You were a mother who looked after me with loving care, a kind mother, a precious mother. I was happy.

But I never once called you “mother.” I resolved many times to say the word, but I must’ve been weak-willed. Please forgive me. How sad you must have been.

Now it’s time for me to say loudly: “Mom! Mom! Mom!”

(In Japanese)

1945年5月4日 出撃戦死。亨年18歳 相花信夫

母上様御元気ですか。永い間本当に有難うございました。我六歳の時より育て下されし母。継母とは言え世の此の種(しゅ)の母にある如き。不祥事は一度たりとてなく 慈しみ育て下されし母。有難い母 尊い母。俺は幸福であった。ついに最後迄「お母さん」と呼ばざりし俺。幾度か思い切って呼ばんとしたが 何と意志薄弱な俺だったろう。母上お許し下さい。さぞ淋しかったでしょう。今こそ大声で呼ばして頂きます。お母さん お母さん お母さんと

This letter, along with Nobuo’s scarf, military sword, and other items were kept together at the family’s Buddhist altar. Aki, his stepmother, considered the letter her most precious treasure.

Nobuo’s brother Shunichi returned to Japan from China in June 1946 and learned of his younger brother’s death. After reading the letter, Shunichi resolved to honor his brother’s wish to treat his stepmother like his real mother.

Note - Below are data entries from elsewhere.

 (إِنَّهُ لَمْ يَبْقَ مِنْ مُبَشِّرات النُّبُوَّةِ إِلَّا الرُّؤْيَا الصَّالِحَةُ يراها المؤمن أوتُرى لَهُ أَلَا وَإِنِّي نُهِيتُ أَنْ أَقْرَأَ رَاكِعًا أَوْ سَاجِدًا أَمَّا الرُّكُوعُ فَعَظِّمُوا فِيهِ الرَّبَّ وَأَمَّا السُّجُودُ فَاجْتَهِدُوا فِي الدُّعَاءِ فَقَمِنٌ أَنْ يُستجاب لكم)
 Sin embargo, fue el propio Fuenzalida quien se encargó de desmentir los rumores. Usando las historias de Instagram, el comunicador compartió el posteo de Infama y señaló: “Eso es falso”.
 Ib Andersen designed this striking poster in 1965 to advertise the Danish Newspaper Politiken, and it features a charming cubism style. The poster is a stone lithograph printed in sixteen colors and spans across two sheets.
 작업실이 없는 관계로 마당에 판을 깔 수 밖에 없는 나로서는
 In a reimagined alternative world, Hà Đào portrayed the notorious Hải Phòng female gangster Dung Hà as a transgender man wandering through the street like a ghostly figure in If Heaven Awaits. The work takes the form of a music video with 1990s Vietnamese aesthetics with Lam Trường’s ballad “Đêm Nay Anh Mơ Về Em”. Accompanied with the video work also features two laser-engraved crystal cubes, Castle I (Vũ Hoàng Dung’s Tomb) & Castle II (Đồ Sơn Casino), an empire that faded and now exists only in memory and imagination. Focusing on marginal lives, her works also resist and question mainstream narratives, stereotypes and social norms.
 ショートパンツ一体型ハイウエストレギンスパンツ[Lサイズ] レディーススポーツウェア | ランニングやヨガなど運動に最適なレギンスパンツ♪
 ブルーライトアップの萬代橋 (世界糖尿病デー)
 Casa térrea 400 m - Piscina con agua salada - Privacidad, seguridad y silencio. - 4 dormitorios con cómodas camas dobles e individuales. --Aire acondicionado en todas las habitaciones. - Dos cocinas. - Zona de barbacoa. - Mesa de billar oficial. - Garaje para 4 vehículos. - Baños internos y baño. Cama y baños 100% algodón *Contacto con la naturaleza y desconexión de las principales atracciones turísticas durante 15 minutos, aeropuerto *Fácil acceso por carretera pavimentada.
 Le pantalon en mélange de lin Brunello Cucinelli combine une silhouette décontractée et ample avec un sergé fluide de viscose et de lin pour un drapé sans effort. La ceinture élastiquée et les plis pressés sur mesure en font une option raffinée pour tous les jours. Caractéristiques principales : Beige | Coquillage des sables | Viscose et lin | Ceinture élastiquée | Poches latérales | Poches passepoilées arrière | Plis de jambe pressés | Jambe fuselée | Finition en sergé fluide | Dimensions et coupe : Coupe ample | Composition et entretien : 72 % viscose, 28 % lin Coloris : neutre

If we think deeply and connect with voices from the past, then World War II doesn’t seem so long ago. Those mass shootings are not so distant. They involved people who are very much like us. They have something to teach us. We have a connection to them.

In this way, if we listen to the voices of people who have passed away, they help guide us. Their voices represent the Buddha’s voice, guiding us to the world of wisdom and compassion. In this way, we walk the Buddha’s path.


Rev. Osa is minister at Berkeley Higashi Honganji in California.